About this task: Omit the pictures, then reproduce every remaining record exactly.
☆ ☆ ☆ ☆ ☆
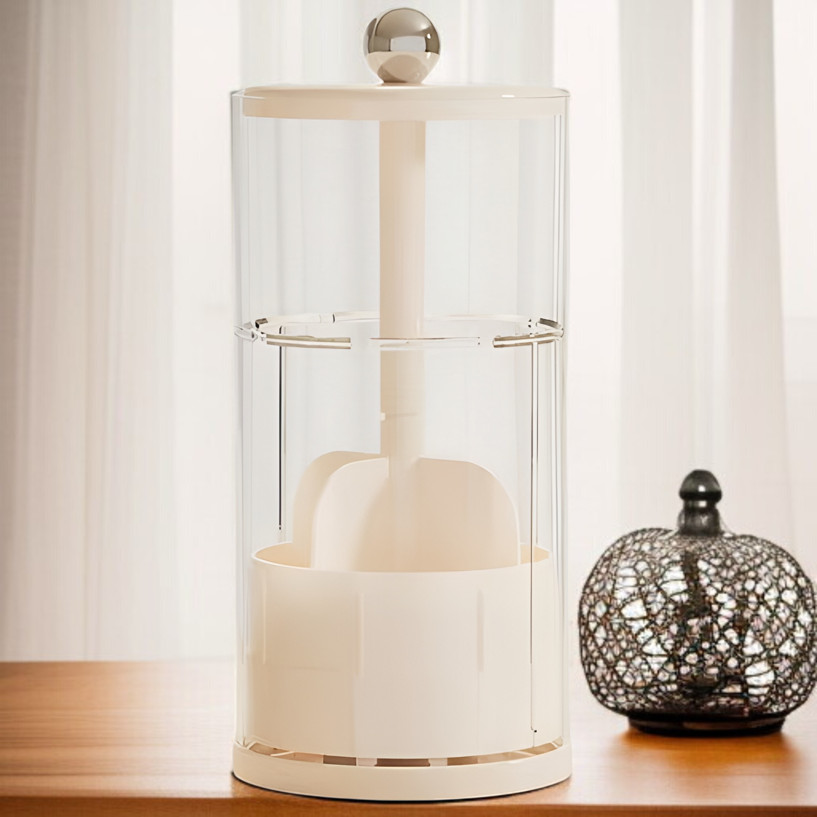 ● 回転式の収納デザインで、ブラシや化粧品を簡単に取り出せて整理整頓もラクラク。高級感あふれるクリームスタイルがデスクトップをおしゃれに演出します。
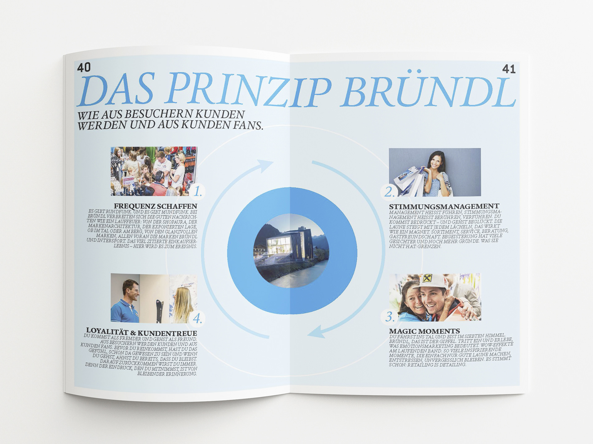 Blocher Blocher View regularly gives this potential an emotional as well as physical manifestation in the lifestyle magazine Bründl Feeling. But for Bründl, what counts the most are its employees, and it was thought that there should be a publication especially for them. The idea of the Bründl Employee Booklet was born.
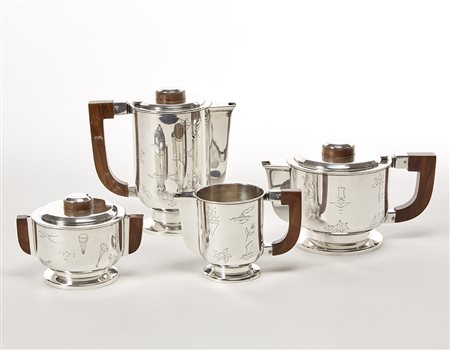 Ricci & C. Spa Servizio da té e caffé in argento e legno composto da una...
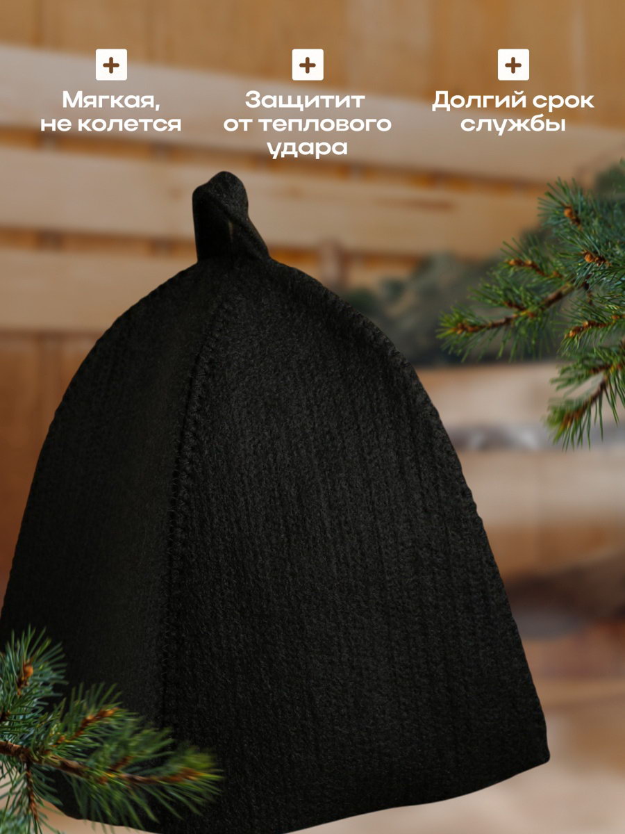 Шапка для бани и сауны, полиэфир 70%, шерсть 30%, с прямым низом, чёрная, Россия
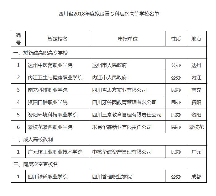 人民网成都2月20日电 (任重)据四川省教育厅官网消息,根据《中华人民共和国高等教育法》《民办教育促进法》《普通高等学校设置暂行条例》(国发﹝1986﹞108号)和《教育部关于“十三五”时期高等学校设置工作的意见》(教发〔2017〕3号)有关规定,经四川省高等学校设置评议委员会五届六次会议评议,并经教育厅党组研究,现将拟设置的专科层次高等学校进行公示。名单如下:
☆ ☆ ☆ ☆ ☆
Exercise response:
 ● 回転式の収納デザインで、ブラシや化粧品を簡単に取り出せて整理整頓もラクラク。高級感あふれるクリームスタイルがデスクトップをおしゃれに演出します。
 Blocher Blocher View regularly gives this potential an emotional as well as physical manifestation in the lifestyle magazine Bründl Feeling. But for Bründl, what counts the most are its employees, and it was thought that there should be a publication especially for them. The idea of the Bründl Employee Booklet was born.
 Ricci & C. Spa Servizio da té e caffé in argento e legno composto da una...
 Шапка для бани и сауны, полиэфир 70%, шерсть 30%, с прямым низом, чёрная, Россия
 人民网成都2月20日电 (任重)据四川省教育厅官网消息,根据《中华人民共和国高等教育法》《民办教育促进法》《普通高等学校设置暂行条例》(国发﹝1986﹞108号)和《教育部关于“十三五”时期高等学校设置工作的意见》(教发〔2017〕3号)有关规定,经四川省高等学校设置评议委员会五届六次会议评议,并经教育厅党组研究,现将拟设置的专科层次高等学校进行公示。名单如下:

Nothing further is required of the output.